Horacio trataba de refrescar en su memoria algunas lecturas históricas mal asimiladas, pero no pasó de representarse a un emplumado Moctezuma postrado de rodillas ante Hernán Cortés.
Martina añadió:
– Me llamó la atención que Néstor Raisiac admitiese que esos cuchillos, pese a exhibirse en una sala dedicada a los aztecas, fuesen de origen maya.
– Ciertamente, parece raro -coincidió Horacio-. ¿Ese detalle esconde algún significado oculto para usted?
– No lo sé, pero hay algo extraño en ello.
– ¿Y qué me dice del ídolo? -preguntó el archivero-. ¿Esa estatua está relacionada con el crimen?
– La talla de Xipe Totec, que resultó salpicada con la sangre de la víctima, es de procedencia azteca -afirmó la subinspectora, con seguridad-. No necesité consultar a Néstor Raisiac para reconocer su estilo. Es obvio que los comisarios concibieron la exposición a su conveniencia, según la disponibilidad temporal de los préstamos patrimoniales. Nadie, en puridad, salvo algún pedante, iba a protestar por el hecho de que, en el contexto de una muestra divulgativa, la sala azteca dedicada a sacrificios humanos incluyese algunas piezas de obsidiana muy anteriores, procedentes de los alrededores de Tikal, en la selva del Petén, en pleno corazón de la civilización maya.
– Parece usted advertir en esa licencia, además de un anacronismo, una cierta anomalía -redundó Horacio-. Pero quizá Raisiac pueda justificarlo. La explicación podría ser tan simple como que no dispusiera de cuchillos aztecas.
– Tal vez -murmuró Martina, pero en absoluto parecía persuadida-. Mi padre era un apasionado de las civilizaciones antiguas. Creo que iré a dar un vistazo a su biblioteca. Después le veré, Horacio.
– Mientras tanto, me acercaré al laboratorio, a ver si averiguo qué son esas cápsulas rosadas que aparecieron en el callejón. La llamaré en cuanto lo sepa.
– ¿No le echará en falta su mujer?
– Se conforma con que aparezca a dormir.
Martina fingió escandalizarse.
– ¡Eso suena muy antiguo, Horacio!
– Soy antiguo. Me gustan las películas mudas, los coches de época, los casos complejos y las mujeres difíciles.
– ¿Debo responder por alusiones?
– Usted no es difícil, Martina; es imposible. A veces, dudo que tenga existencia real.
La subinspectora le dedicó una de sus sonrisas de ángel caído del cielo. El sol le dio en la cara, y transparentó su piel.
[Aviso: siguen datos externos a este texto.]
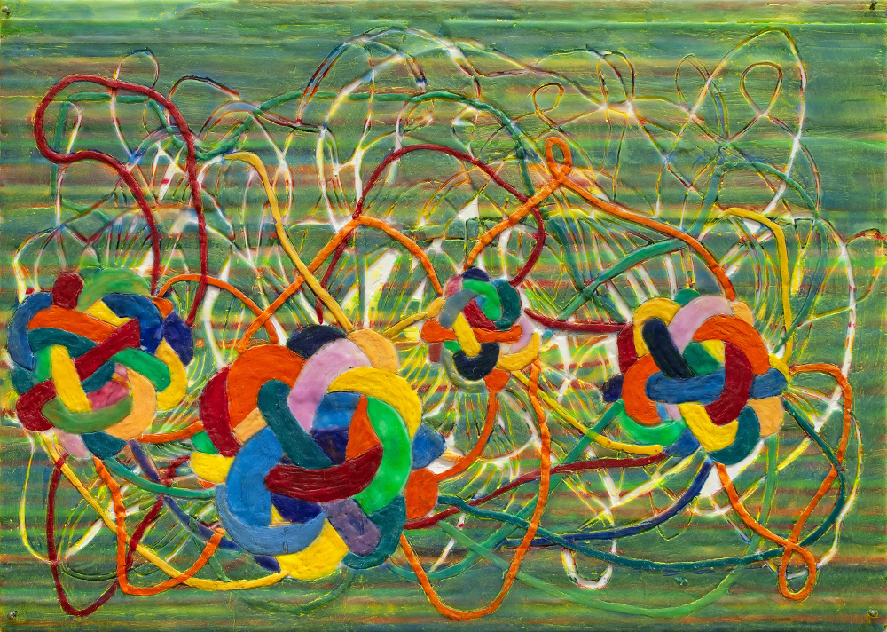 verknotet, Paraffin und Acryl auf Pappe, 50 x 70 cm
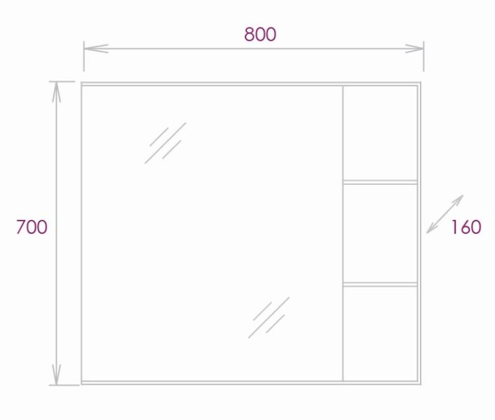 Шкаф-зеркало выполнен из ЛДСП, устойчивой к механическим воздействиям, перепадам температур и высокой влажности.

Martina cogió el coche y se dirigió a su casa. Pensó que una ducha aliviaría su malestar, pero se limitó a subir a su dormitorio y a cambiarse de chaqueta, una de cuyas hombreras se había desgarrado como consecuencia del derrumbe de la falsa del Palacio Cavallería.
Hizo café y llamó por teléfono al comisario para informarle del hallazgo del cuerpo de Berta Betancourt (cuyo suicidio él ya conocía por el inspector Buj) y de la grabación telefónica del museo, con las voces de Sonia Barca y de un desconocido que se proponía encontrarse con ella más o menos a la hora en que fue cometido el crimen en la sala azteca. Satrústegui asimiló esas novedades.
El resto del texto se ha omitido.